Advances in DNA Extraction: Methods, Improvement and Troubleshooting

In the evolution of biotechnology applications, DNA extraction, a fundamental technology for analyzing genetic information, has consistently occupied a core and irreplaceable position. From the molecular verification of Mendel’s genetic factor hypothesis to the vast practice of the Human Genome Project, the acquisition of high-quality DNA constitutes the logical starting point for scientific discovery and technological transformation.
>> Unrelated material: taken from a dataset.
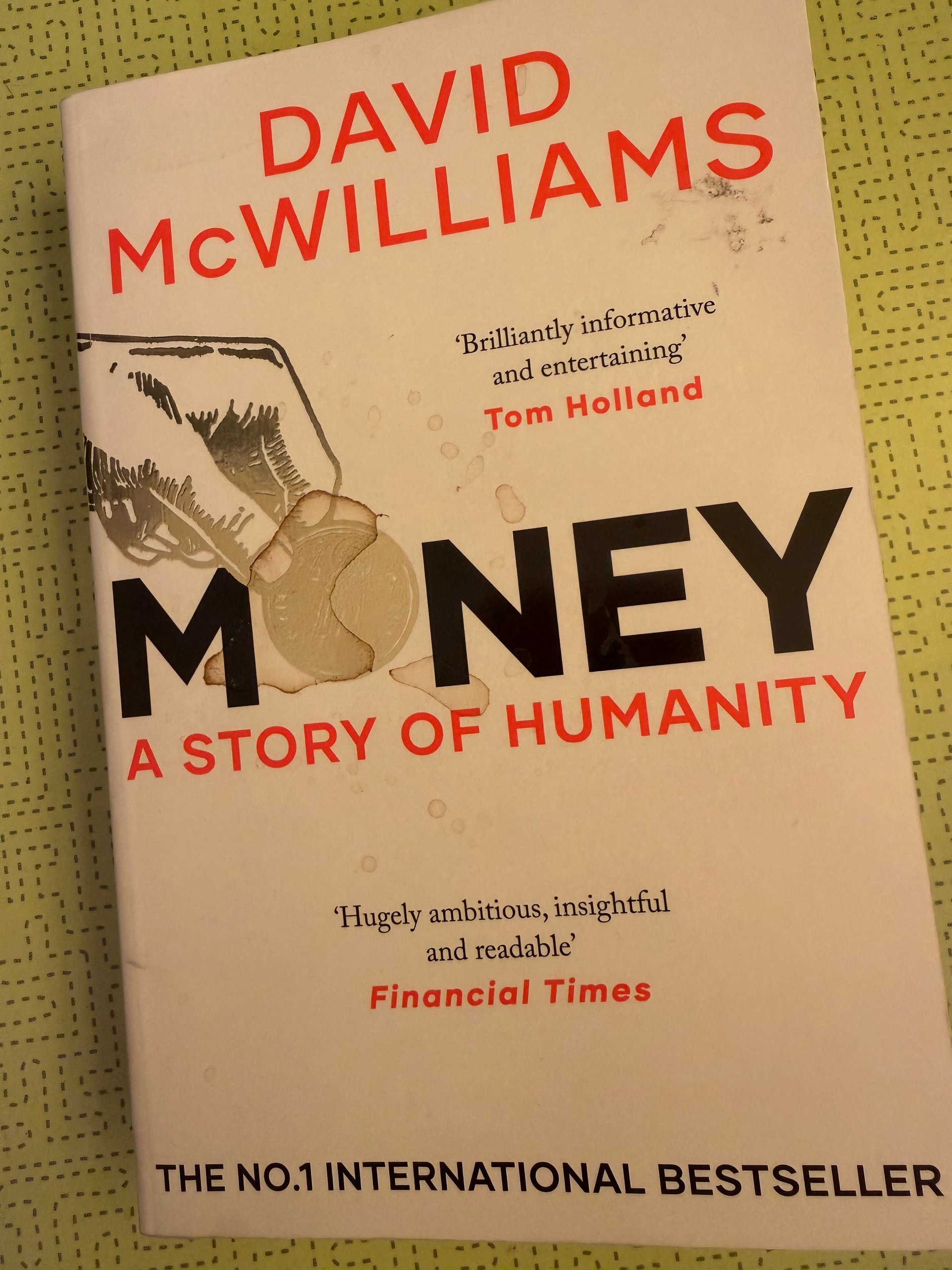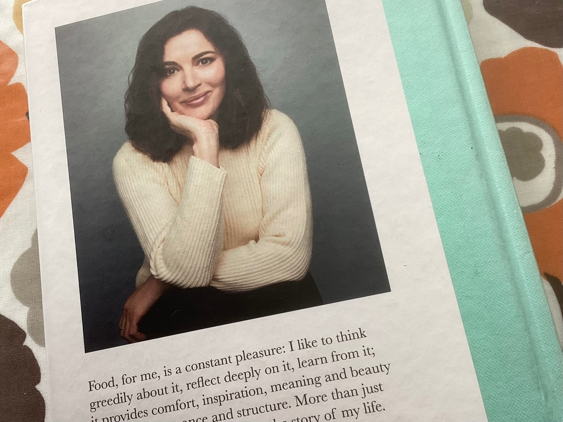 A library loan. I don’t cook very much now but like to read whilst eating my M&S dinner. I spent soo many nights alone in hotels whilst working that reading and eating together is a skill I have never lost.

This technology not only needs to break through the physical barriers and biochemical interference of different sample types but also needs to achieve a precise balance between the integrity, purity, and yield of nucleic acid molecules. The innovation of its methodology and the construction of standardization system continue to promote the leap-forward development of frontier fields such as genomics, precision medicine, and synthetic biology.

This paper comprehensively introduces the progress of DNA extraction technology, and shows the key role and development direction of this technology in biological research and practical application.

What is the Need to Extract DNA

As the core carrier of genetic information of living organisms, the importance of DNA extraction technology plays a key role in modern biological research and application. In the field of basic scientific research, there are strict requirements for obtaining high-purity DNA samples in frontier fields such as gene structure and function analysis, whole genome sequencing analysis, and gene expression profile research.

DNA extraction is the first step in genomics research. By extracting genomic DNA from cells of different species, scientists can draw the genome map of species and analyze the arrangement of genes and the distribution of regulatory elements.

• Gene expression analysis depends on DNA pollution control before RNA extraction and DNA extraction in promoter region is the key to studying transcription regulation. Chromatin immunoprecipitation sequencing (ChIP-seq) technology needs to extract DNA from cross-linked chromatin in order to identify the genomic regions bound to transcription factors.
• DNA extraction from tumor tissues is the basis of cancer genomics research. By extracting DNA from the tumor and normal tissues adjacent to the tumor and sequencing the whole genome, it was found that there were a large number of somatic mutations in tumor cells. The discovery of these mutations not only reveals the molecular pathway of tumorigenesis but also provides a target for targeted drug development.

Sensing and responding to damaged DNA (Jackson et al., 2018)

• DNA extraction is a prerequisite technology for molecular marker-assisted breeding (MAS). In rice breeding for rice blast resistance, extracting DNA from different strains and detecting molecular markers closely linked with disease-resistant genes can accelerate the screening of disease-resistant varieties and shorten the traditional breeding cycle from 8-10 years to 4-5 years.
• The supervision and safety evaluation of genetically modified crops depends on DNA extraction technology. By extracting the DNA of genetically modified crops, qualitative PCR and quantitative PCR techniques can be used to detect the integration and copy number of foreign genes (such as insect-resistant gene Bt) and ensure that genetically modified crops meet the safety standards.
• In animal husbandry, DNA extraction is used for breeding excellent breeds of livestock and poultry. Genome-wide selection (GS) is carried out by extracting breeding stock DNA, and individual breeding potential is evaluated by genome-estimated breeding value (GEBV), which can improve selection accuracy and accelerate genetic progress.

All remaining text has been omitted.